# Brief
Your answer should repeat exactly the lines from the one holding "Pulsa la ficha" through the end of the data, and it should contain no pictures.

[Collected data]
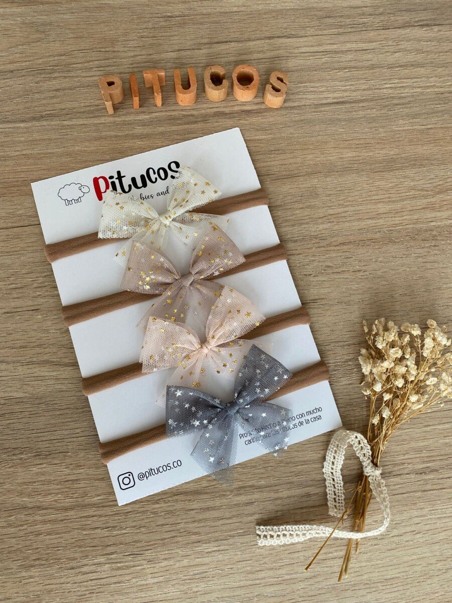 Balaca con moño elaborado en tull con estrellas doradas.
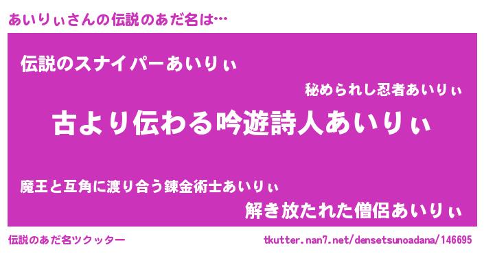 | 意味不明あだ名 | 『自称あいりぃ』『永久保存あいりぃ』 |
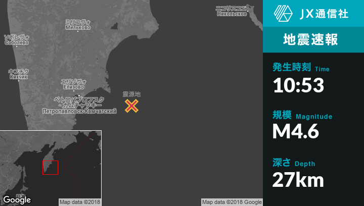 | 震源地 | ロシアのPetropavlovsk-Kamchatskiyから東156kmの地点 |
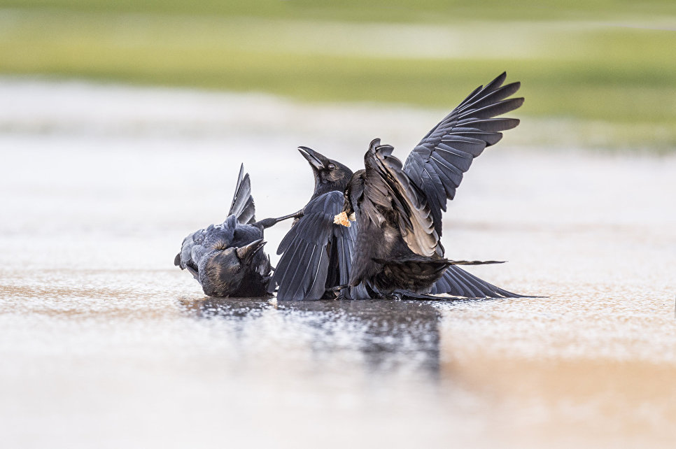 Чаще всего стычки происходили в период активного гнездования — с марта по май. Обыкновенные вороны — известные клептопаразиты. Они наживаются на чужих гнездах, в особенности на гнездах американских и северо-западных воронов.
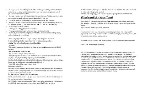 These are just tips of the ice-berg of what you stand to gain in this course If you’ re thinking whether to get this or not, I want to assure you that … Getting This Is The Best Decision You’ ll Ever Make! Trust me! This system is tested and proven … and you can start making an average of $ 3,000 monthly This Is What This Course Is Not This course is not a get-rich-quick scheme. The system preaching in the Fast cash Mechanics is practicable and works anytime, anyday … only if you’ re willing to put in your time and effort …. So, if you’ re looking for something that will make you millions overnight, without lifting a finger, you can click away right now because this isn’ t it. You NEED to be willing to put in some work. But most importantly... What this product is REALLY all about is- giving you the exact system that creates a reliable income- and giving it all to you in a slow and steady process so that you don ' t get overwhelmed, distracted, or fail! So, What Makes This Product So Different? Similar so-called IM courses only give you a broad overview of some outdated system NO worksheets to keep you on track. NO PROVEN system that stills works TODAY, and NO step by step set of instructions that FORCE you to take action... even if you have NEVER done so before!
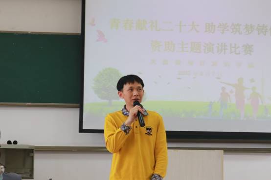 为进一步加老员工资助政策宣传力度,积极营造喜迎党的二十大的浓厚氛围,确保国家员工资助政策家喻户晓、深入人心。5月7日15:00,大数据公司于弘毅楼2-507举行2022年“青春献礼二十大 助学筑梦铸信念”资助主题演讲比赛。党委副书记黎军、辅导员范源源、叶自强、庞辉龙、蓝消蔓出席比赛并担任评委。
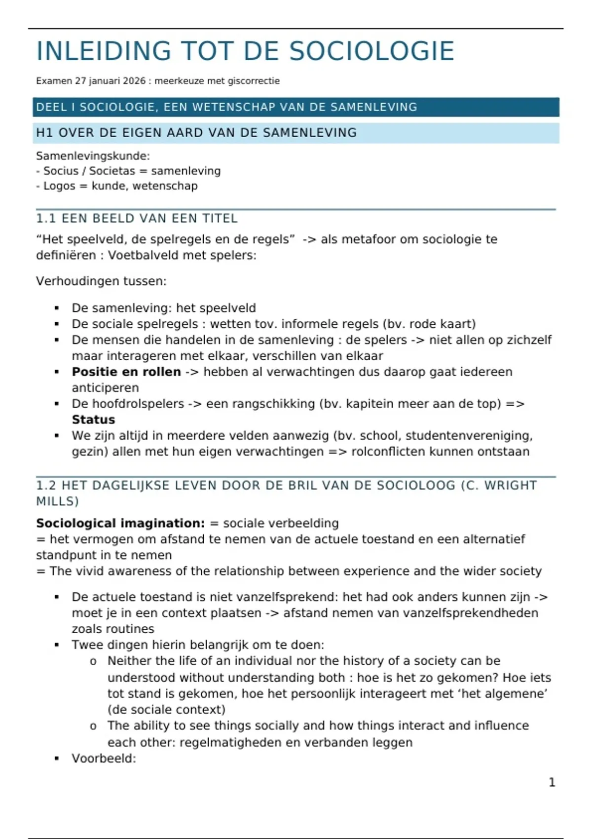 DEEL I SOCIOLOGIE, EEN WETENSCHAP VAN DE SAMENLEVING
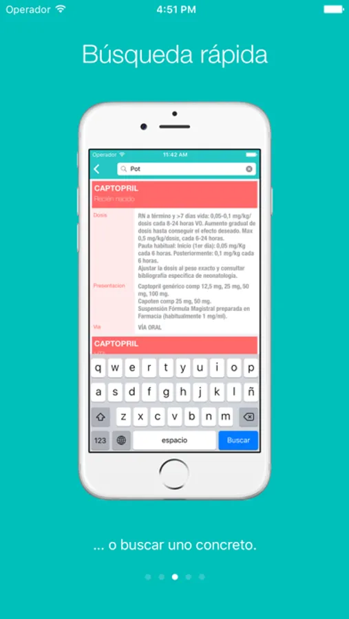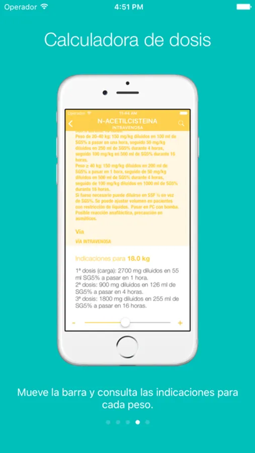 Pulsa la ficha del fármaco que quieras consultar y aparecerá la barra de pesos. Mueve la barra y busca el peso de tu paciente. DosisPedia te sugiere la dosis para ese peso. Además podrás consultar las indicaciones generales del fármaco: vía de administración, posología y presentación.
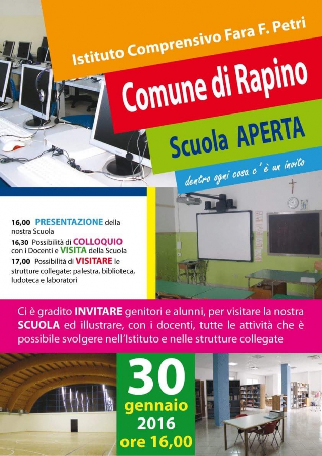 La Scuola Primaria e Secondaria di Rapino apre le porte ai suoi futuri allievi e a tutti coloro che vorranno informazioni su corsi, docenti e didattica del polo rapinese.

# Solution to this exercise
 Pulsa la ficha del fármaco que quieras consultar y aparecerá la barra de pesos. Mueve la barra y busca el peso de tu paciente. DosisPedia te sugiere la dosis para ese peso. Además podrás consultar las indicaciones generales del fármaco: vía de administración, posología y presentación.
 La Scuola Primaria e Secondaria di Rapino apre le porte ai suoi futuri allievi e a tutti coloro che vorranno informazioni su corsi, docenti e didattica del polo rapinese.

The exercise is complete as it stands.